Kagome observaba la lluvia a través de la ventana, pensativa, mientras Sesshomaru se acercaba a la barra a pedir algo de comida. Eran las tres de la tarde, y el cielo lucía oscuro debido a la tormenta. Un ruidoso trueno la despertó de su ensimismamiento. Dirigió su mirada hacia la barra, disimuladamente, intentando evitar que el atractivo Daiyokai se percatase de su acto. Era dolorosamente guapo… y dolorosamente imbécil, también.

Pensó en Inuyasha. ¿Qué estaría haciendo? ¿Habría rehecho su vida? Ella lo estaba intentando, aunque le dolía. Había estado meditando acerca de la visita del Daiyokai a la era moderna. Probablemente existía un portal del tiempo que debió traspasar, tal y como solía hacer ella a través del pozo situado en el Templo Higurashi, pero fue sellado y nunca más logró volver a cruzarlo. Sabía que, si lo acompañaba en su viaje, las probabilidades de ver a Inuyasha aumentarían, aunque eso le podría costar la vida.

Sesshomaru parecía distraído haciendo alguna llamada de teléfono hasta que llegó la comida. Caminó hacia ella, con porte elegante y preocupado por no derramar la bebida.

— Me tienes que explicar qué hago aquí contigo— dijo ella, decidida a sacarle más información.
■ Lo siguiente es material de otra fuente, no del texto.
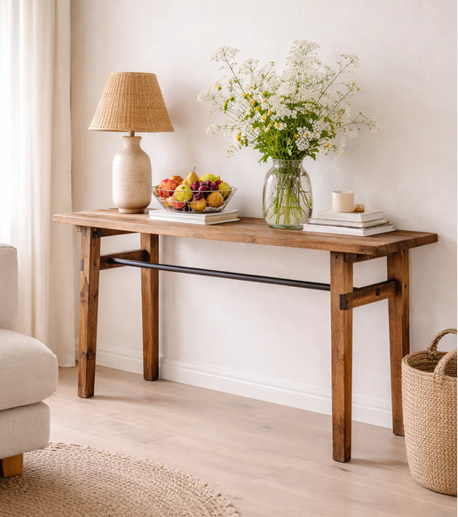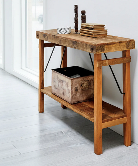 Konsolbord i Genbrugstræ med Hylde – Rustikt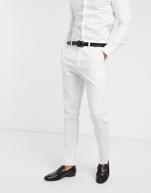 Asos Design Wedding Skinny Suit Pants In Stretch Cotton Linen In White Asos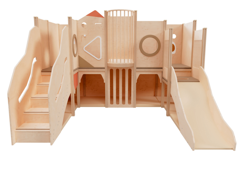Verschillende ingangen leiden naar de ruimte onder de platforms. Hier is ruimte om te spelen, je te verstoppen of te rusten. De matrassen zijn zacht en knuffelbaar. De lichte, warme kleuren creëren een aangename sfeer. De speelruimte omvat een glijbaan, een trap, een balkon, patrijspoorten en ramen, en diverse matrassen. Een bijzonder hoogtepunt is het glazen raam in het platform boven de glijbaan, waardoor je naar beneden kunt kijken.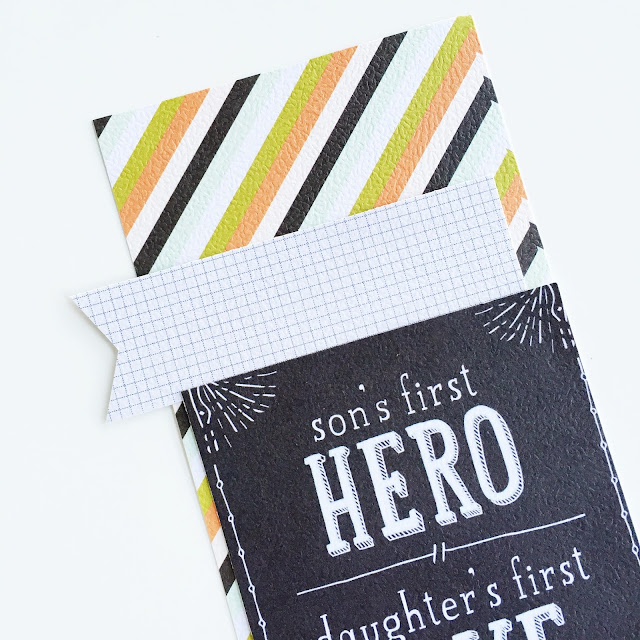 Using the 6"x6" paper pad, select the chevron "Treasure" paper and trim the blackboard 3x4 Project Life card from So Strong.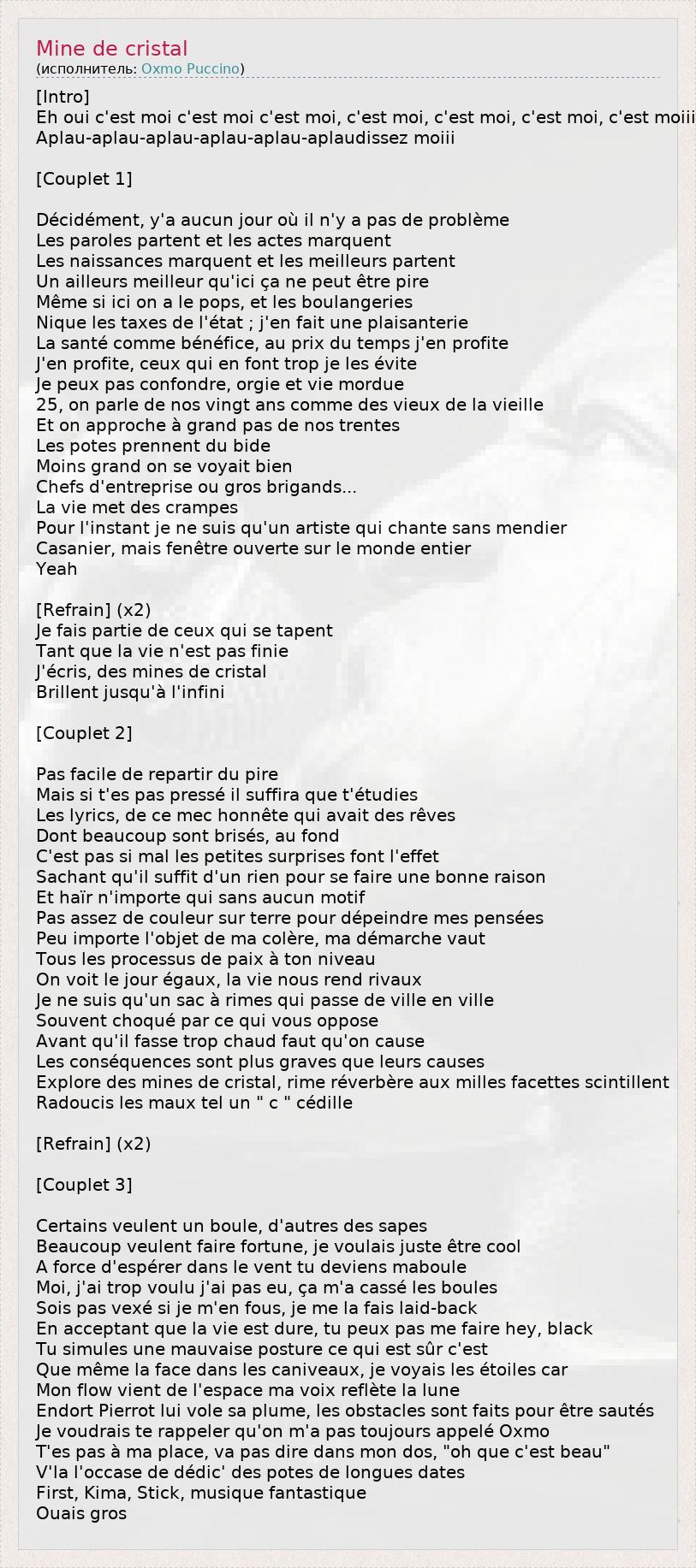 А как ты думаешь, о чем песня "Mine de cristal" ?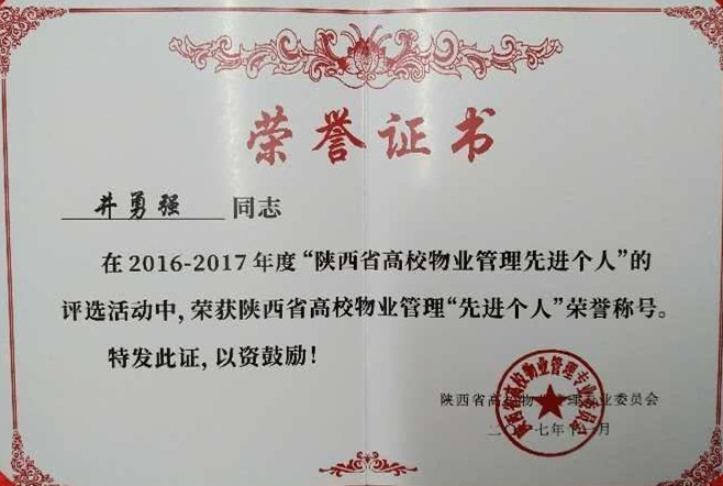 11月23日-24日,由陕西省教育厅后勤保障处、省物专会主办,西安建筑科技大学后勤集团承办,以“携手共进·开拓创新”为主题的陕西省高校物业管理专业委员会(2017)年会在西安召开。来自全省30余所高校的100余名后勤工作者参加了会议。我校井勇强被评为陕西省高校物业管理“先进个人”。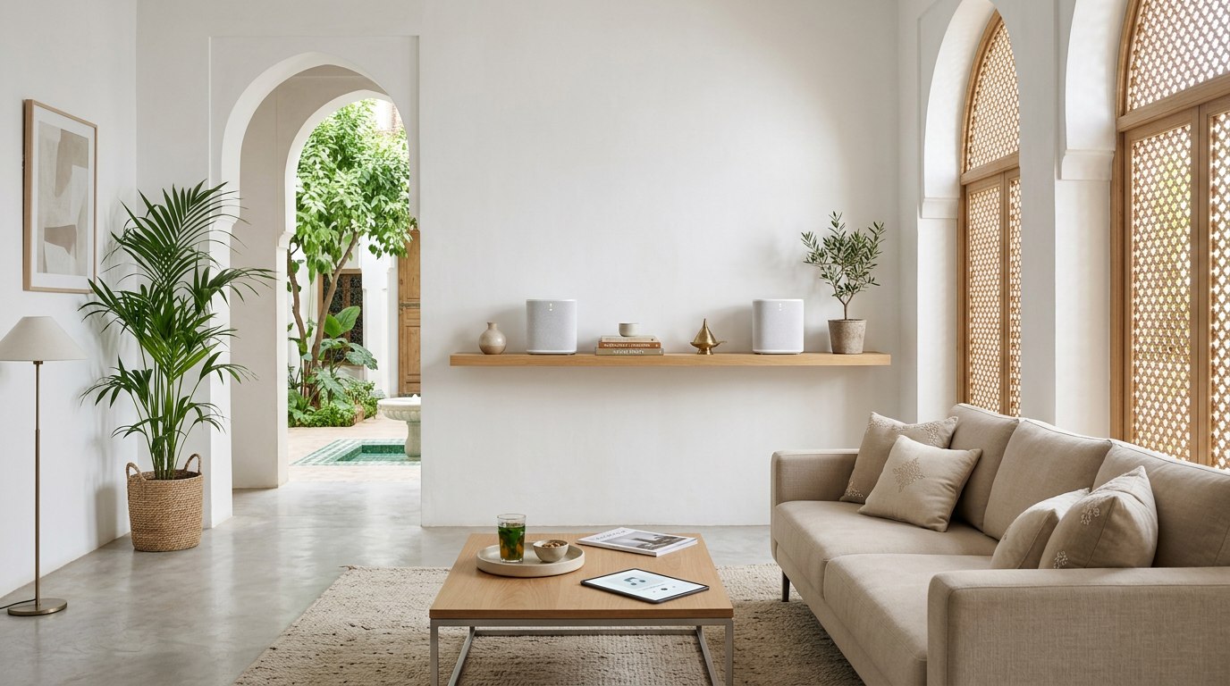 Comment concevoir un système audio multiroom pour une villa de luxe au Maroc ? Sonos pour le streaming, B&W pour le son, Loxone pour l'automatisation. Guide complet avec plans de zones et budgets.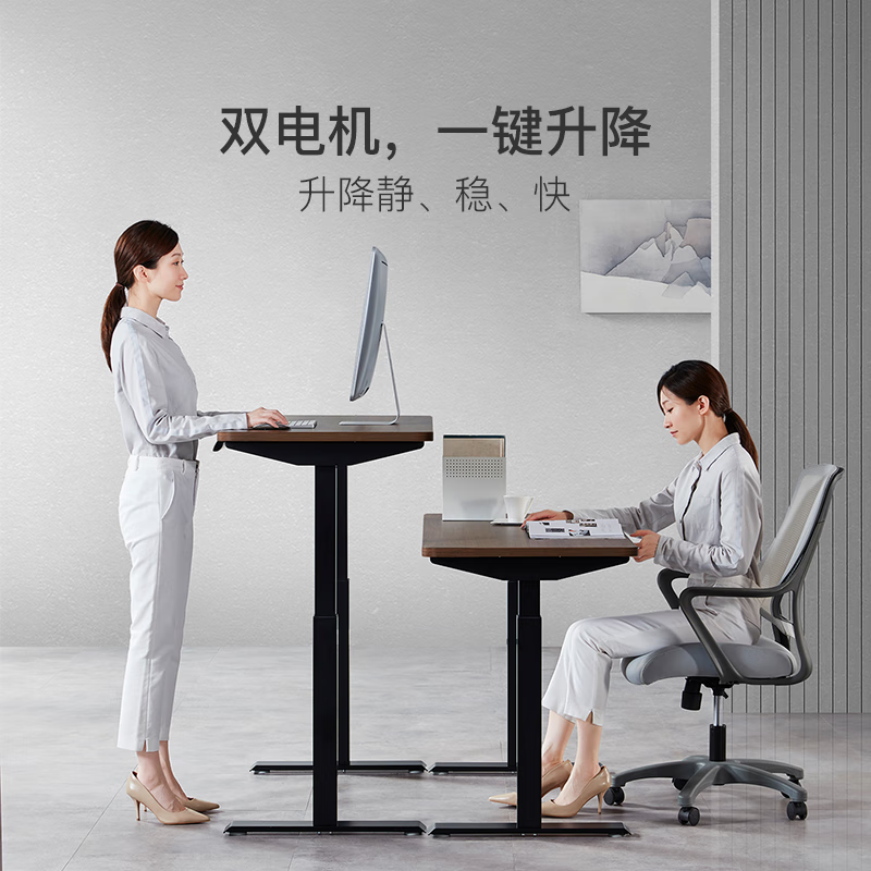 网易严选 有度电动升降桌电脑桌 站立办公升降台办公室书房桌子 坐站交替健康办公 【双电机】胡桃色*140*70cm5321件已付款抢! -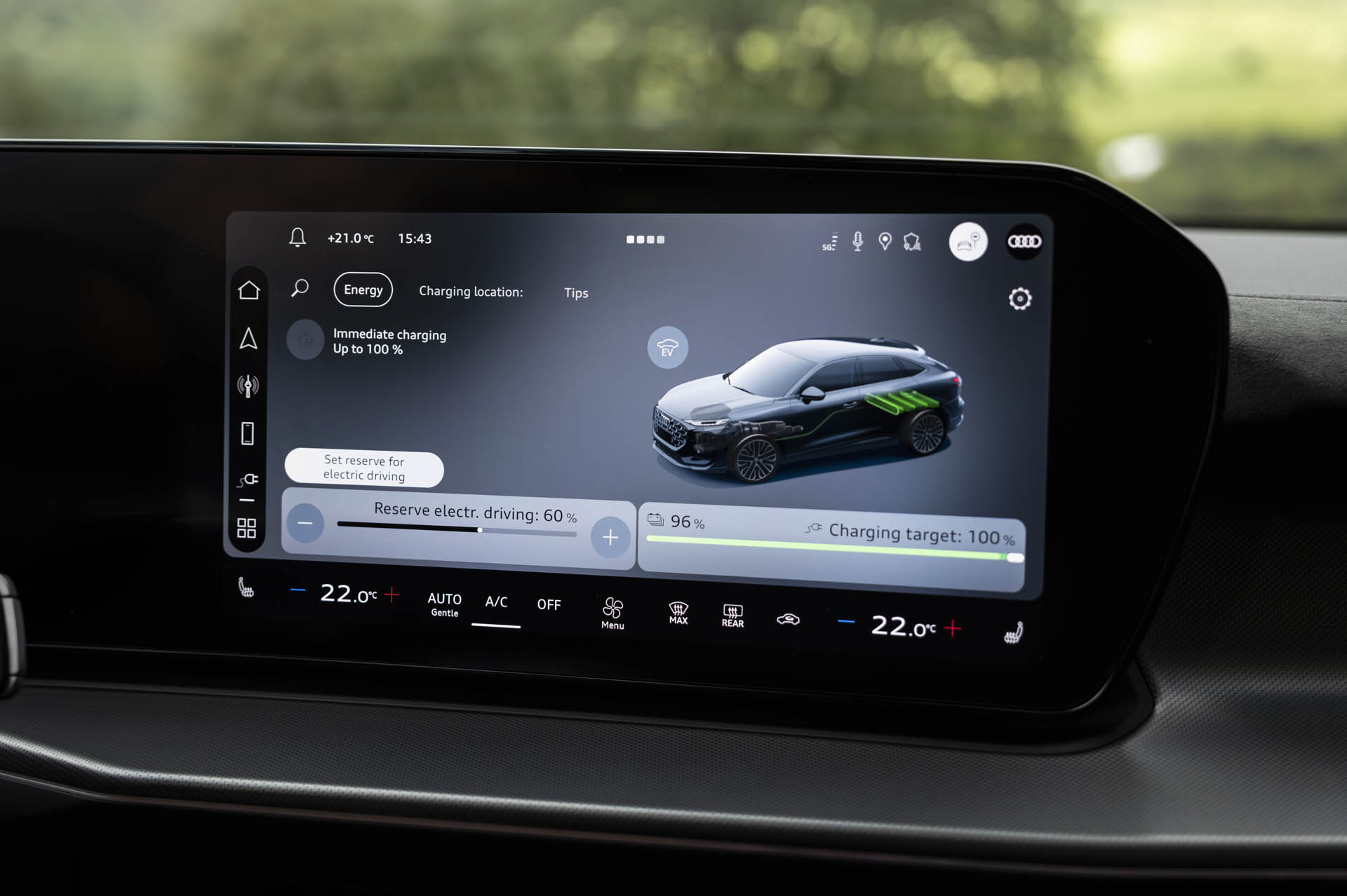 Η οθόνη αφής MMI με διαγώνιο 12,8”, διαθέτει υψηλή ανάλυση γραφικών και ταχύτατη απόκριση, λειτουργώντας άψογα ως κεντρικός κόμβος για όλες τις λειτουργίες του οχήματος. Ασύρματη σύνδεση με Apple CarPlay και Android Auto, καθώς και επαγωγική θέση φόρτισης του smartphone ανάγουν τα καλώδια σύνδεσης σε επιλογή και όχι αναγκαιότητα. Επίσης, η τοποθέτηση του επιλογέα κίνηση στην κολόνα του τιμονιού ελευθερώνει επιπλέον χώρο στην κεντρική κονσόλα.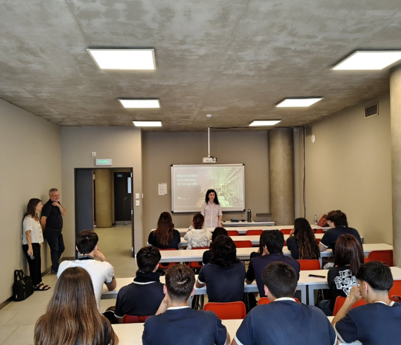 El encuentro incluyó unas palabras de bienvenida del decano de la Facultad de Filosofía y Letras, Ricardo Manetti, y de la subsecretaria de Extensión Universitaria y Bienestar Estudiantil, Catalina Kaplan, quien presentó el plan de estudios de la carrera de Geografía.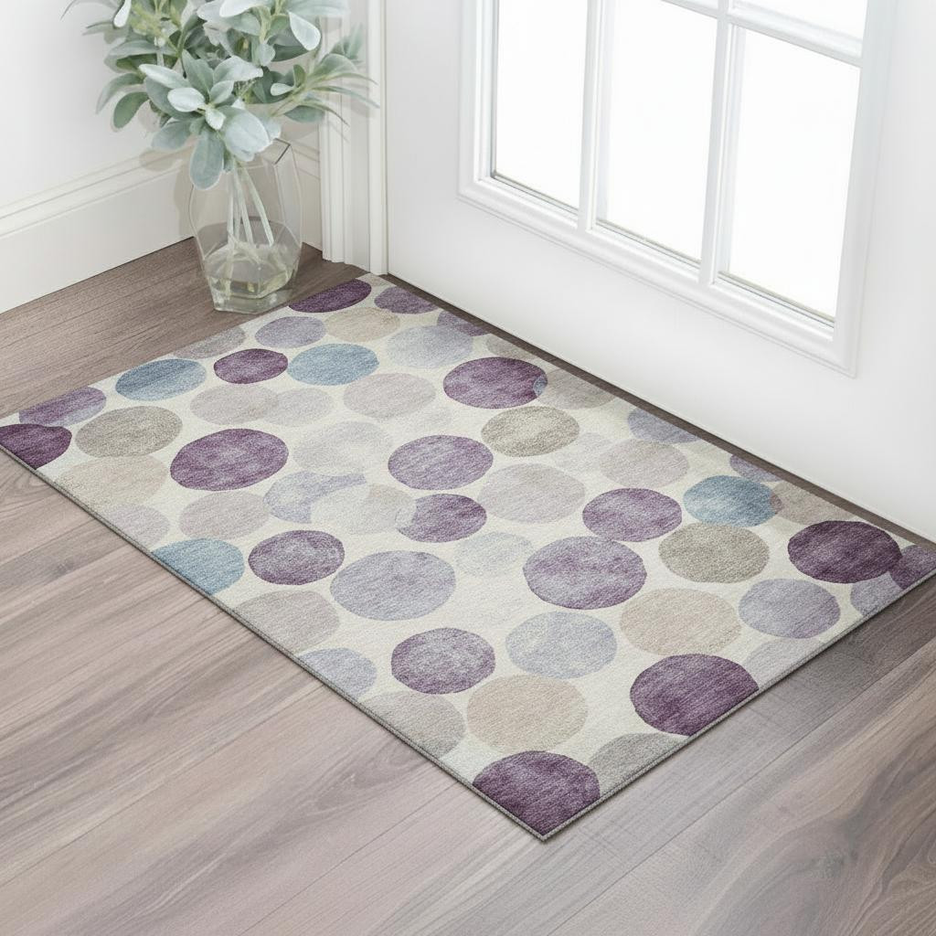 Set an inviting tone in your space with this 3-foot x 5-foot plum beige and blue geometric washable area rug with uv protection. Ideal for spaces with kids and pets, this rug is stain resistant to help repel dirt and spilled liquids. Built to last, this rug crafted from polyester fibers is known for its durability and long lasting appeal. Rugs are a great way to showcase your style, hide imperfections, warm your home and reduce noise. This smaller sized, transitional styled rug is just what you need for your walkway, bedside, in front of door, cabinet, refrigerator, or chair. 36.00-inch h x 60.00-inch w x 0.39-inch d.

El demonio la miró detenidamente, con un halo de brillo en su fría mirada.

— Ahora mismo te estoy intentando sacar de aquí con vida. — Le acercó un plato de "fish and chips". Él había pedido lo mismo que ella. — He hecho un par de llamadas. Si volvemos a Londres podremos conseguir refuerzos. Necesitamos nuevos pasaportes para volver a Tokio.

— ¿Por qué hemos de volver a Tokio? ¿Qué pretendes?

— Allí estarás segura.

— Mentiroso.

La agarró de la mano, amenazante, para acercarla a él y mirarla a los ojos.

— Yo no miento.

Kagome se sintió intimidada por aquellos inquietantes ojos felinos que le provocaban múltiples sensaciones. Por un lado, quería creerle, pero por el otro lado, nada tenía sentido. La firmeza y seguridad del Daiyokai la incitaban a confiar y a dejarse llevar por él hasta el fin del mundo. Pero se trataba de Sesshomaru, un demonio sin sentimientos que ansiaba poder. Quería convertirse en el Yokai más poderoso de todos los tiempos, y no podía confiar en alguien así.

— ¿Qué interés tienes en salvarme, Sesshomaru? — se atrevió a preguntar.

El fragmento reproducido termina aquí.